Back in No 10, there must be an inquest going on into whose bright idea it was to have a daily coronavirus press conference. What must have seemed like a show of strength and leadership when Boris Johnson and Classic Dom came up with the plan a week or so ago, now merely exposes the government’s lack of preparations and complete cluelessness every 24 hours.

What’s more, almost everyone in government knows it’s a disaster. Which is why most cabinet ministers switch their phones off for several hours every morning: because they don’t want to be the mug who winds up having to front the 45-minute embarrassment live on TV at 5pm.

So today’s press conference was fronted by Alok Sharma, who not even everyone in the cabinet knows is the current business secretary. Though he is a huge improvement on both Dominic “Psycho” Raab and Michael Gove, simply because he doesn’t have any of their associated instability and lack of trust issues. Put simply, Sharma is a man in whom the public can have complete confidence. The downside is that the confidence they have is that he can be guaranteed to know next to nothing about anything.

After stating the latest alarming death figures, Sharma lapsed into a whole range of generalities and platitudes. It’s come to something when even Donald Trump can see that the original “herd immunity” plan had been a disaster waiting to happen. Imagine being out-thought by the US Sun Bed God.

Sharma then handed over to Yvonne Doyle, the director of Public Health England, who raced through her four slides at breakneck speed. Largely because they were all so thoroughly depressing.

Believe it or not, that was actually the high point. The summit of gravitas and disinformation. Because from there on it was downhill all the way. Often these video press conferences can become atavistic with journalists asking a range of different questions that can easily be ignored. Either by merely answering the easiest question or one they wish had been asked. But now the lobby hunted as a pack, repeatedly pressing both Sharma and Doyle on the question of medical provision and testing.

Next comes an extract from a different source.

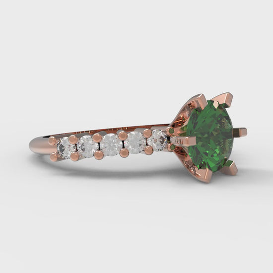 1.05 cttw Simulated Emerald Solitaire with Zirconia Simulated Diamond Accents Engagement Ring - Solid Gold (Round Cut,6.0mm)

And Sharma and Doyle had nothing. Not even blanks to fire. Sharma kept trying to palm off the difficult questions on to Doyle, who then did her best to refer them back to the business secretary. The medical is now political and the political is medical and neither side wants to take the blame.

To really regain the public’s trust, someone in government has to admit it basically did nothing for several months as it totally underestimated the crisis and was more interested in Boris’s sixth or seventh baby. But no one is prepared to do that so we beat on, boats against the current, borne back ceaselessly into the past.

Why had Michael Gove insisted that thousands of ventilators were on their way next week when the actual figure is 30? Both Sharma and Doyle shrugged. Why were the Germans so far ahead of us on testing? Were we really so Little England that we thought we could learn nothing from Jerry? How come we only had tested 2,000 NHS staff out of about 1 million frontline workers? Again Sharma and Doyle just looked a little sheepish. Above their pay grades.

“Have you got anything more than warm words and good intentions?” one reporter asked. Sharma nodded earnestly. His words were going to get a lot, lot warmer – red-hot, even – and his intentions were going to be the best ever. You ain’t seen nothing yet. B-b-baby. You ain’t seen nothing yet.

 

After April Fool’s day comes the day of Judgement

Owl thinks it appropriate to draw attention to two heavy weight editorials today – from both the Guardian and the Times, reproduced below. Grim reading for the Government. 

The Guardian view on governing in a crisis: level with the public www.theguardian.com 

Politicians deserve some benefit of the doubt in extreme times, but to retain respect they need to be more candid about the challenges.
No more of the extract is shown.